Но чаще между ним и фразой пролегала застенчивость, многословная вежливость, хочу написать: робость, растерянность, та беззащитность, которая мгновенно улавливается собеседником, скорым на расправу. Получается чуть ли не князь Мышкин? Но как он мстил самому себе за все слабости, садясь за письменный стол! Как сжимал пропасть между собой и литературой, — резче, ироничней, беспощадней, чем все это могло быть.
(Однажды, лет семь-восемь назад, Евгений Рейн вызвался представить меня знаменитому московскому поэту, с которым вместе приехал в Таллин.
— Знакомьтесь, замечательный поэт Елена Скульская.
Знаменитость сначала обвела взглядом своих провинциальных поклонниц, затем тускло скользнула по мне и наконец мрачно произнесла:
— Я не знаю такого поэта.
Рейн отреагировал, не дожидаясь точки:
— Помилуйте, так ведь и она вас видит впервые!
Мне кажется, вот такой легкости, блеска требовал от себя Довлатов и часто страдал от затянувшейся паузы, оттого, что все смешное было им как бы подстроено, придумано, подставлено и только трагичное и горькое всегда выходило естественно.)
1976–1977:
«Милая Лиля! Получил Вашу неинтеллигентную записку. Начинается она словами: „…гриппую, вот и пишу“. Болейте почаще, раз вы такая („вы“ — с маленькой буквы), раз это стимулирует нашу переписку. Я думаю, неплохо бы сказался левосторонний паралич. А может быть, Вы левша? Тогда правосторонний.

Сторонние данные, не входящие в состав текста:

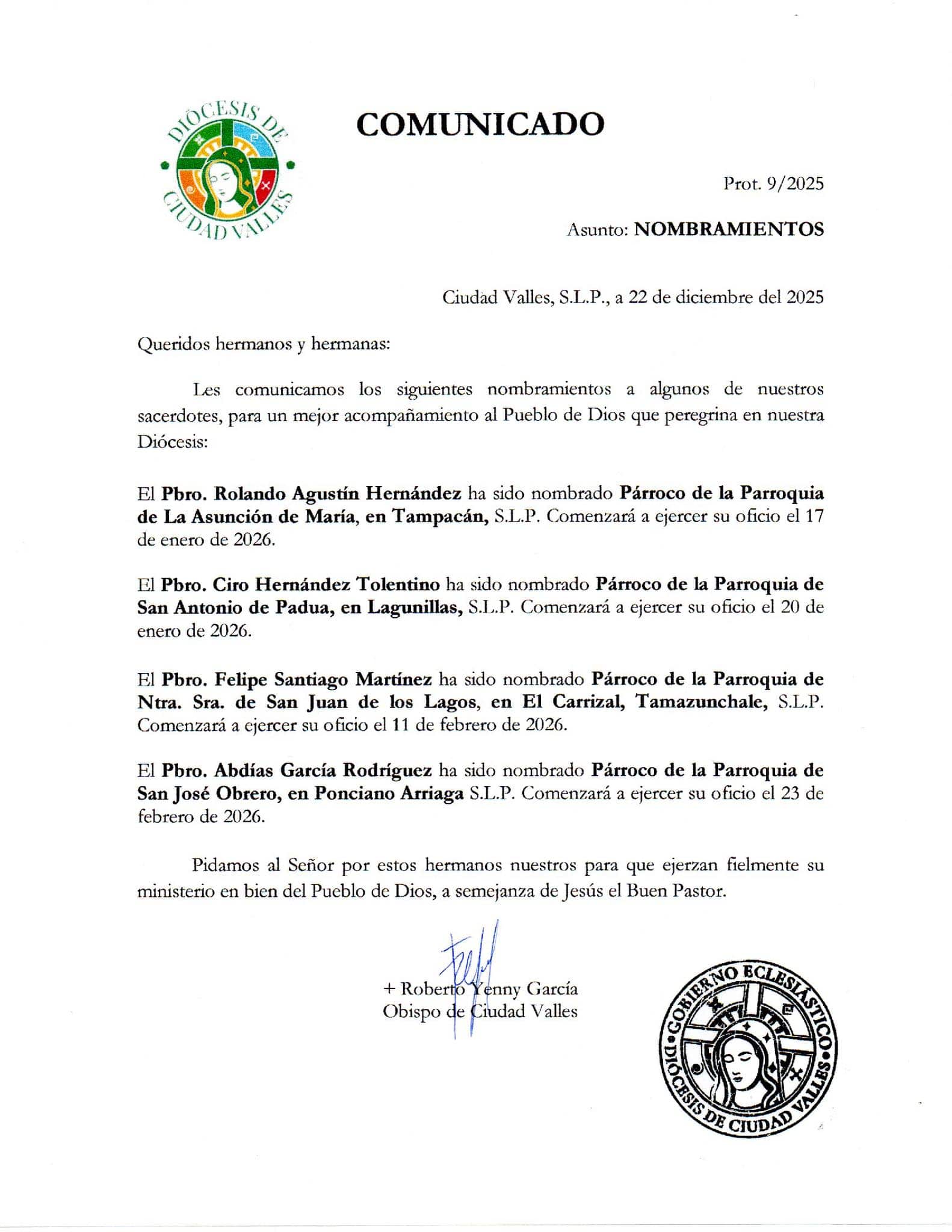 Ciudad Valles, S.L.P.– La Diócesis de Ciudad Valles dio a conocer una serie de nombramientos sacerdotales que entrarán en vigor durante los primeros meses de 2026, con el objetivo de seguir fortaleciendo el acompañamiento pastoral y espiritual del Pueblo de Dios en las distintas comunidades de la región.
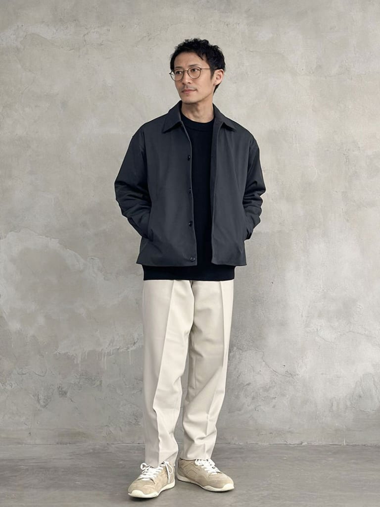 さらにインナーとアウターの色を統一することで、コーディネートに一体感が生まれ、スリムな印象に。
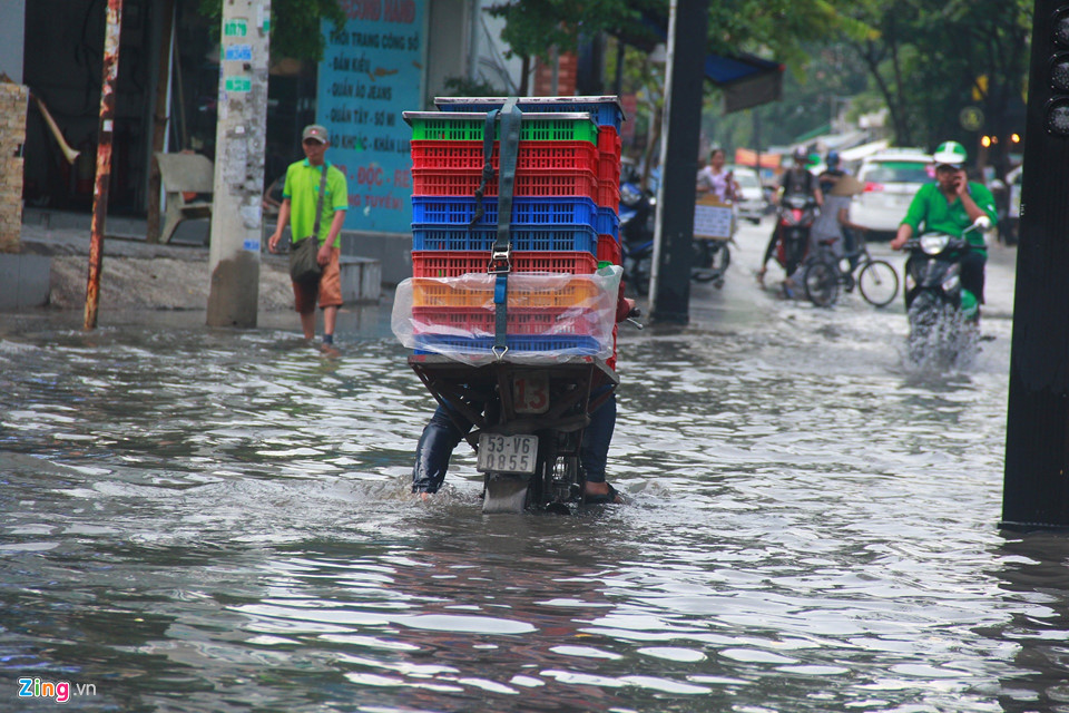 Bà Ngô Thị Vân, ngụ phường Thảo Điền, quận 2, cho biết: "Tôi đi ra chợ gần đây, nhưng nước ngập sâu quá, phải để xe máy ở lại trên vỉa hè, lội bộ về".

Я работаю в „Костре“, где официально являюсь единственным порядочным человеком. Мой гл. редактор (морской писатель Слава Сахарнов) публично и доказательно объявил, что дельфины лучше и важнее людей. Не говоря уж о Лохнесском чудовище… Есть и другие. Есть старая дева (Вы бы ей не понравились), которая, упрекая меня на редсовете, сказала: „К нему заходят люди!“ Тогда я возразил: „Кому же заходить, вшам?“ Она обиделась и справедливо решила, что я ее обозвал вшой.
Из Ленинграда все куда-то едут. Все, кроме алкоголиков. Это отражается на моем стиле жизни. Я очень много пью водки и вина.
Писатель <…> принес нам рассказ из дореволюционной жизни. Там сказано: „В комнату вошла горничная. Густые каштановые волосы выбивались из-под ее кружевного ФАРТУКА“. Он перепутал с чепчиком.
А поэт <…> долго рассказывал в нашем отделе, как у него в нужную минуту не оказалось презерватива. Затем ушел, оставив стихи. Они кончались словами: „Адмиралтейская игла сегодня будет без чехла“. Как Вы думаете, это подсознание?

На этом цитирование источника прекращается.